Study design: Using an instrumental variables approach, we estimated the effect of AWV utilization on breast cancer screening and diagnosis, using county Welcome to Medicare Visit (WMV) rates as the instrument.

Data collection/extraction methods: 66,088 person-year observations from 49,769 unique female beneficiaries.

Principal findings: For every 1-percentage point increase in county WMV rate, the probability of AWV increased by 1.7 percentage points. Having an AWV was associated with a 22.4-percentage point increase in the probability of receiving a screening mammogram within 6 months ( P <0.001). There was no statistically significant increase in the probability of breast cancer diagnosis (overall or early stage) within 6 months of an AWV. Findings were robust to multiple model specifications.

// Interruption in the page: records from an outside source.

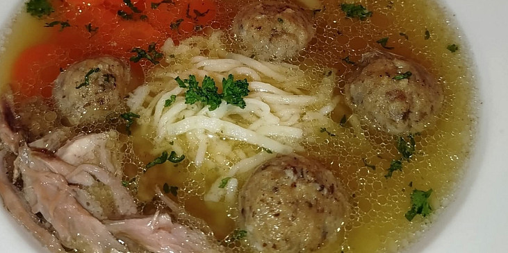 skelet kuřecí, zelenina kořenová, cibule, pórek, česnek, játra kuřecí, vejce, mouka hladká, strouhanka, libeček, sůl, pepř mletý, petržel, majoránka, koření divoké
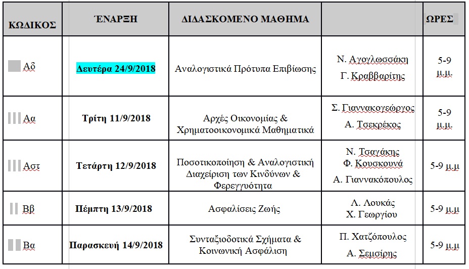 Τα μαθήματα πραγματοποιούνται στα Γραφεία της Ένωσης Αναλογιστών, Μητροπόλεως 5, 5ος όροφος, Σύνταγμα.
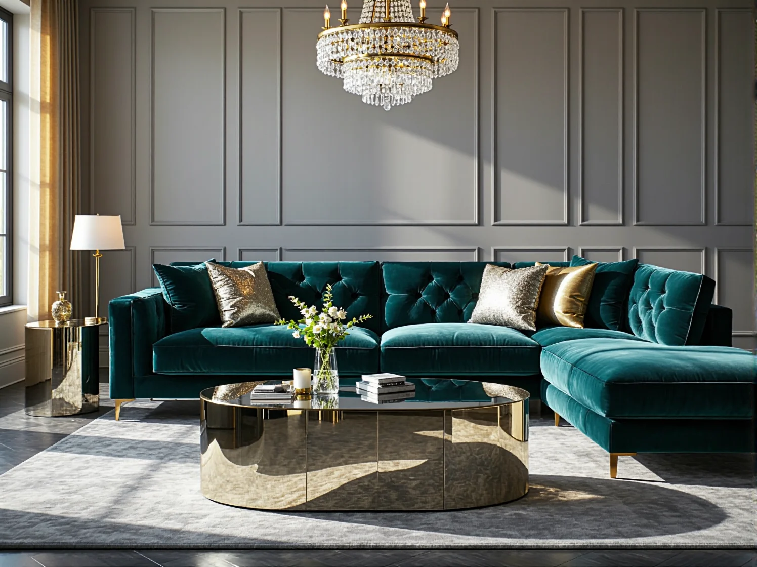 - Forma i detal: Charakterystyczne są głębokie pikowania, ozdobne przeszycia (często w kontrastującym kolorze), zaokrąglone, opływowe kształty i eleganckie podłokietniki. Nóżki mebla to biżuteria dla sofy – najczęściej wykonane z metalu w kolorze złota, srebra, miedzi lub matowej czerni.
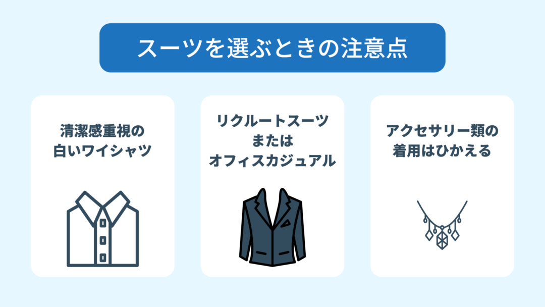 一般的な企業に応募する場合も、新卒生はリクルートスーツ、職種や転職者はスーツ以外にもオフィスカジュアルを着用することがあります。
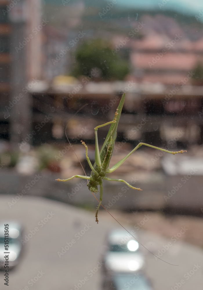 Tettigonia viridissima. Great green bush-cricket in the city. Quality image for your project
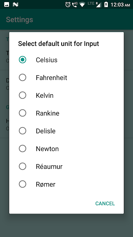 หน่วยที่รวม ได้แก่ เซลเซียสฟาเรนไฮต์เคลวินแรนไคน์เดลิเซิลนิวตันเรโอเมอร์โรเมอร์

Conclusions: Performing routine cancer screening is an evidence-based practice for diagnosing earlier-stage, more treatable cancers. The AWV effectively increases breast cancer screening and may lead to more timely screening. Continued investment in Annual Wellness Visits supports breast cancer screening completion by women who are most likely to benefit, thus reducing the risk of overscreening and overdiagnosis.